The last two weeks before the deadline were hectic. Officially part of the team still had desks in his 1945 building, but most of them worked in his 1965 as the micro-kitchen had a better espresso machine. “People weren't sleeping,” Gomez says. As an intern, he was constantly debugging and creating visualizations and diagrams for papers. Ablation is common in such projects. That means taking things out and seeing if what's left is enough to get the job done.
“Now that we have all sorts of combinations of tricks and modules, and we know which are useful and which are not, let's strip it away. Let's replace this with this,” says Gomez. “Why does the model behave this counter-intuitively? Oh, I forgot to do a good job of masking. Does it still work? OK, moving on.” All of these components of the design were the result of this very fast-paced, iterative trial and error process.'' The ablation, with the help of Shazeer's implementation, produced something “minimalistic,'' Jones says. . “Gnomes are wizards.”

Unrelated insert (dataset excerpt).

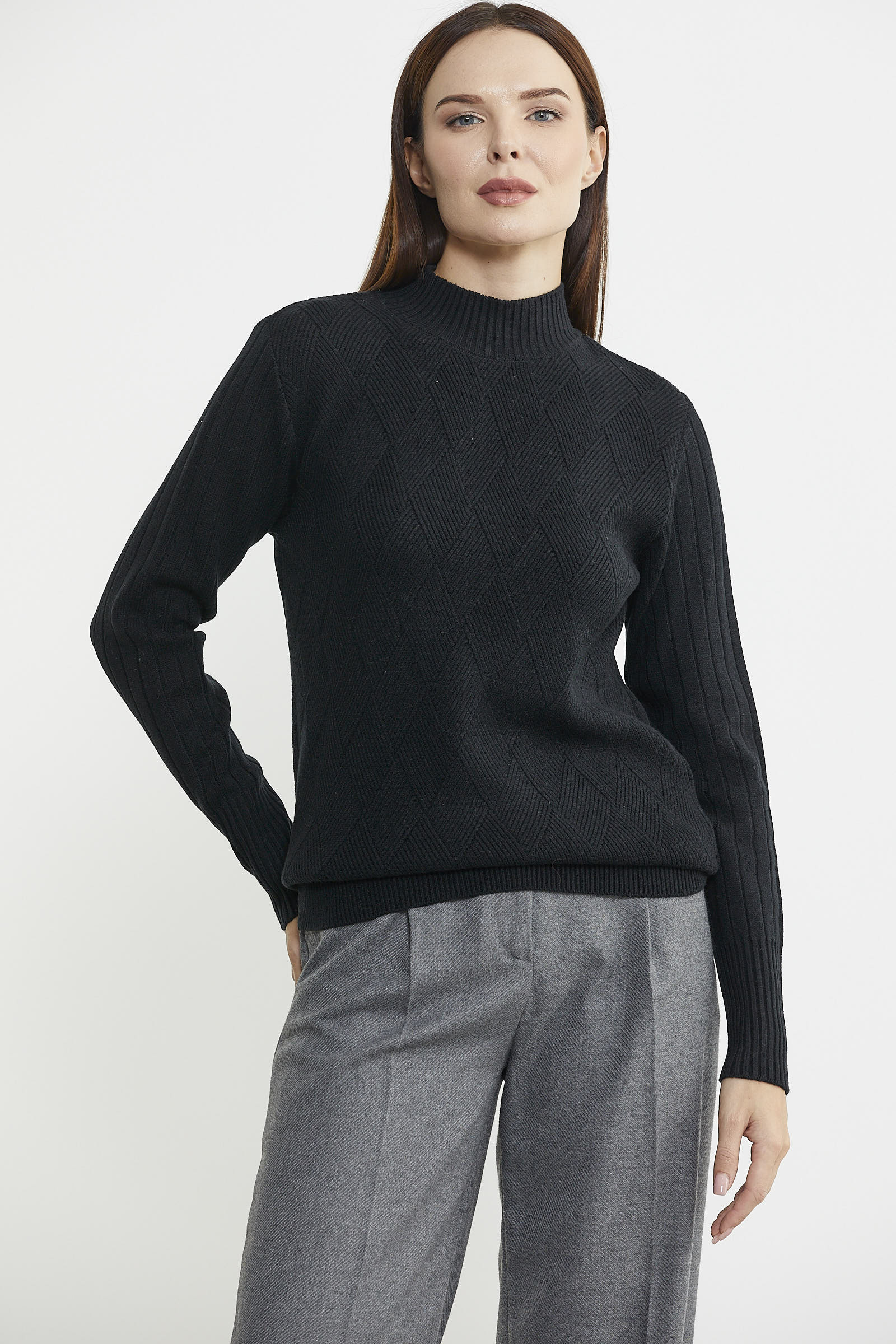 The knitted sweater, which combines colorful diamond motifs with sleeve knit detail, has a half turtleneck. It is a comfortable fit.

Vaswani recalled crashing onto the couch in his office one night while his team was writing a paper. He stared at the curtain that separated the couch from the rest of the room, struck by the pattern on the fabric. It looked to him like a synapse or a neuron. Gomez was there and Vaswani told him that what they were working on would go beyond machine translation. “Ultimately, we need to integrate all modalities such as speech, voice, and vision under a single architecture, similar to the human brain,” he says. “We had a strong hunch that we were thinking about something more general.”
But at Google's upper echelons, the research was viewed as just an interesting AI project. I asked several Transformers people if their bosses had ever called them in to get an update on a project. There aren't that many. But “we knew this could potentially be a pretty big problem,” Ushkoreit says. “And that made us really fixated on a line at the end of the paper commenting on future work.”
This sentence predicted what would happen next: applying the Transformer model to essentially all forms of human expression. “We are excited about the future of attention-based models,” they write. “We plan to extend Transformers to problems involving input/output modalities other than text” and explore “images, audio, and video.”
A few nights before the deadline, Ushkolet realized he needed a title. Jones noted that the team led him to fundamentally reject accepted best practices, specifically his LSTM, regarding one technique: attention. According to Jones, the Beatles had named the song “All You Need Is Love.” Why not call this paper “All you need is attention”?
the beatles?
“I’m British,” Jones says. “I literally thought about it for five seconds. I didn't think they would use that.”
They continued to collect experimental results right up to the deadline. “The English and French numbers arrived about five minutes before he turned in his paper,” Palmer says. “In 1965, I was sitting in my kitchenette typing in the last number.” With only two minutes left, they sent out the paper.